“Reevaluation of Calcite Supersaturation in Soils” Soil Science Society of American Journal 56 (1992): 1776-1784.
D.L. Suarez, J.D. Wood, and I. Ibrahim
The calcite saturation os soil-water systems in semiarid regions was reexamined taking into consideration organic ligand alkalinity and Ca-organic complexation.Theses factors have been forwarded as the reason for earlier reports of calcite supersaturation in soil-water systems. We examined groundwaters beneath irrigated lands, soil-water suspensions in the laboratory using four soils and two levels, of CO2, and soil water from the root zone of an irrigated, cropped field. Total alkalinity and net inorganic C alkalinity were determined by titration. Calcium activity values calculated from total concentrations using the speciation program WATEQ4F compared with Ca2+, activity values measured with an ion-specific electrode. In all our systems, total alkalinity and inorganic C alkalinity were almost equivalent and thus organic C alkalinity was negligible.
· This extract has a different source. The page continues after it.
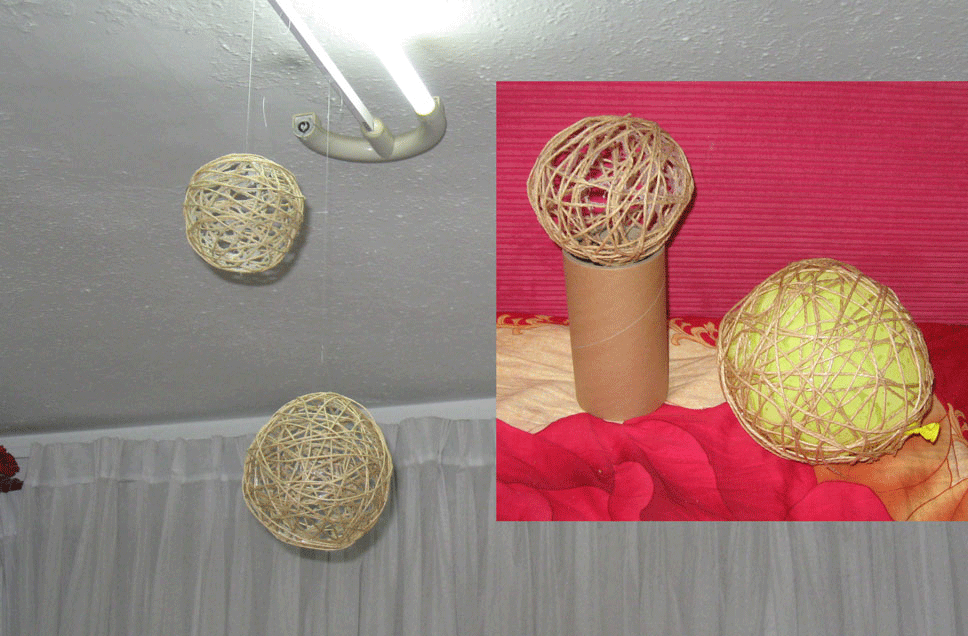 שימו לב לעשות את זה עם בלונים איכותיים. אני עשיתי את בחופש עם הילדים (עם חוטי צמר), ובזמן ששמנו לייבוש, הבלונים הזולים שקניתי התחילו להתכווצ'ץ וכיווצו יחד איתם את היצירה כולה:( הילדים היו ממש מאוכזבים מהתוצאה...

Calculated Ca2+ activity was generally 5 to 25% greater than Ca2+ activity determined with an ion-specific electrode. Although these data suggest the presence of additional Ca complexes not included in the speciation routines, the determined dissolved organic C values are too low for Ca-organic complexes to be the cause of these differences in Ca 2+ activity. Ion activity products based on either measured Ca2+ activity values or calculated Ca2+ activities indicated that all systems were supersaturated, with saturation ratios of two to three.